Wow, the only things I watch on that list are 60 Minutes and The Big Bang Theory. I would watch Person of Interest and The Blacklist, but with children in the house, I can't keep enough attention on it to know what's going on. Other than that, it's just Doctor Who and The Amazing Race for me.

Oh, and we were watching Longmire, but A&E has cancelled it and it's being shopped out, so we'll have to wait and see what channel it lands on. (I know, that's not network TV, and neither is Doctor Who, but they kind of blend together when you're on cable.)


----------



## markpud (Aug 31, 2014)

POI, TWD and AOS - 3 acronyms for 3 great shows this "fall"


----------



## Michael Colton (Sep 1, 2014)

The only shows I will be watching are _Elementary_ and _Madame Secretary_. The latter primarily out of curiosity to see Leoni drive a show. Nothing else particularly interests me, so if I see anything else it will have to randomly be on when I turn on the television or something. I would watch SVU, but I am three seasons behind and do not want to jump ahead. I will wait for the show to be over and just buy the full box set when it is released.


----------



## J-Sun (Sep 2, 2014)

TheDustyZebra said:


> Wow, the only things I watch on that list are 60 Minutes and The Big Bang Theory. ... Other than that, it's just Doctor Who and The Amazing Race for me.
> 
> Oh, and we were watching Longmire, but A&E has cancelled it and it's being shopped out, so we'll have to wait and see what channel it lands on. (I know, that's not network TV, and neither is Doctor Who, but they kind of blend together when you're on cable.)



_The Amazing Race_ is also on that list. But, yep, I do understand it's all just "TV" when you have cable. 



markpud said:


> POI, TWD and AOS - 3 acronyms for 3 great shows this "fall"



Yep, _Person of Interest_ is the best to me and I like _Agents of Shield_. What's TWD, though?



Michael Colton said:


> The only shows I will be watching are _Elementary_ and _Madame Secretary_. The latter primarily out of curiosity to see Leoni drive a show.

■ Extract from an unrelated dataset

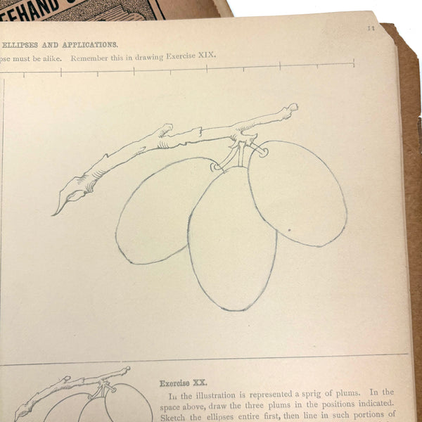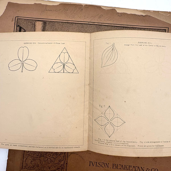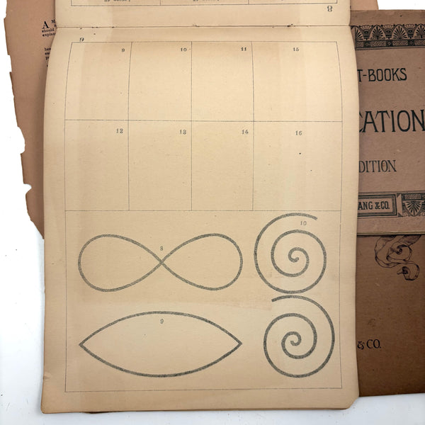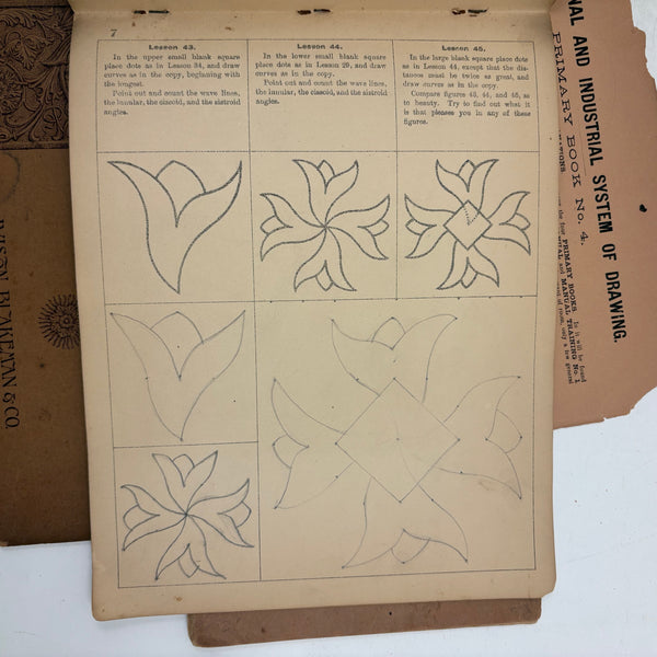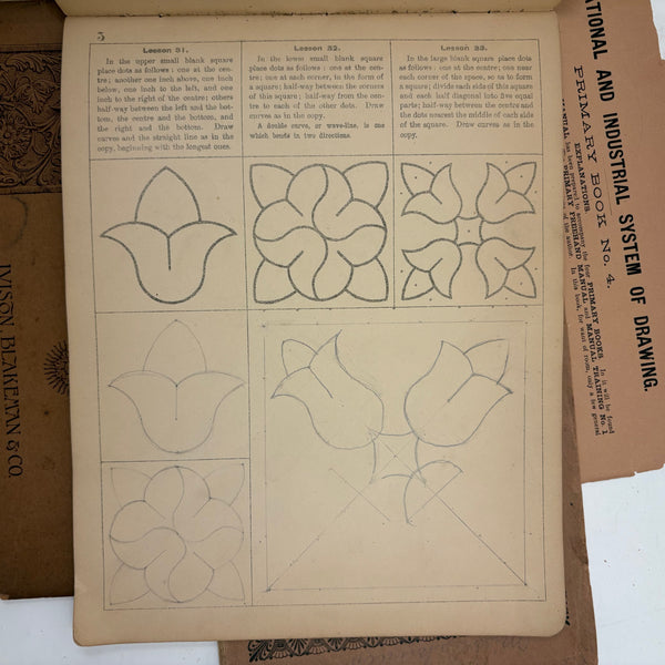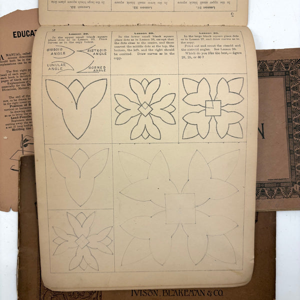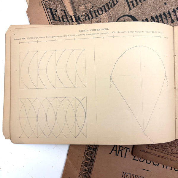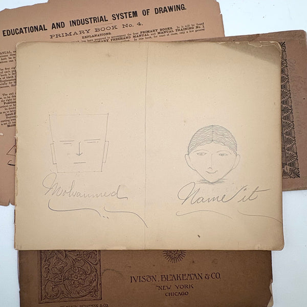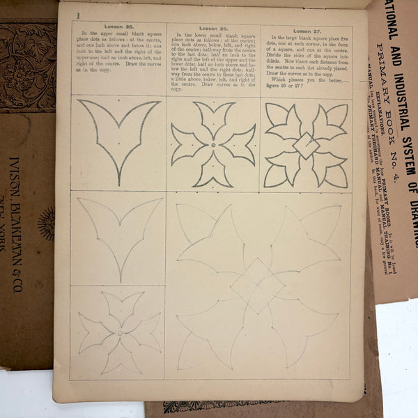 The covers on these are pretty rough--detached in the case of two of them--but I've got a weakness for these old drawing instruction books, especially the more minimal ones as these are (focused on simple shapes, designs and patterns) and there are a couple curious drawings in here all their own (faces, skeletons.) I have not done a comprehensive job photographing, but photos here give a good sense--a few favorites pages first, then a sampling of a few pages from each. Set of three as pictured.

A fellow Elementary fan.  I think the mysteries are usually pretty ingenious and well-solved (as opposed to implausible "break the perp" interrogation scenes without much evidence or powerful manipulation) but I think my favorite thing about it is the characters and their interrelations - Sherlock and Joan, especially, but also the two main regular cops.

As far as Leoni driving a show, I'd have thought it was impossible before seeing the promo (not quite like Katherine Heigl trying to drive a similar show on another network this season but not far removed) but now I can see it. Or could. Looking more closely at the schedule, CBS has decided it's "chick flick" counter-programming (which is what I thought it'd be pre-promo but it seems much more general than that) and has it on opposite football so I can only see it during commercials.


----------



## Michael Colton (Sep 2, 2014)

J-Sun said:


> A fellow Elementary fan.  I think the mysteries are usually pretty ingenious and well-solved (as opposed to implausible "break the perp" interrogation scenes without much evidence or powerful manipulation) but I think my favorite thing about it is the characters and their interrelations - Sherlock and Joan, especially, but also the two main regular cops.
> 
> As far as Leoni driving a show, I'd have thought it was impossible before seeing the promo (not quite like Katherine Heigl trying to drive a similar show on another network this season but not far removed) but now I can see it. Or could. Looking more closely at the schedule, CBS has decided it's "chick flick" counter-programming (which is what I thought it'd be pre-promo but it seems much more general than that) and has it on opposite football so I can only see it during commercials.



I enjoy 'crime shows' as long as the characters interest me. Elementary is one of the rare ones where that is the case. Sherlock's dialogue is brilliantly written as far as television goes - not only the actual content of the writing, but that feeling one gets where the dialogue was written specifically for the actor playing the part. Whether that is actually the writers or just a fine performance by the actor (or a bit of both), who knows. But I have enjoyed every episode of the show. Even details such as the casting of Moriarty was very well done, in my opinion.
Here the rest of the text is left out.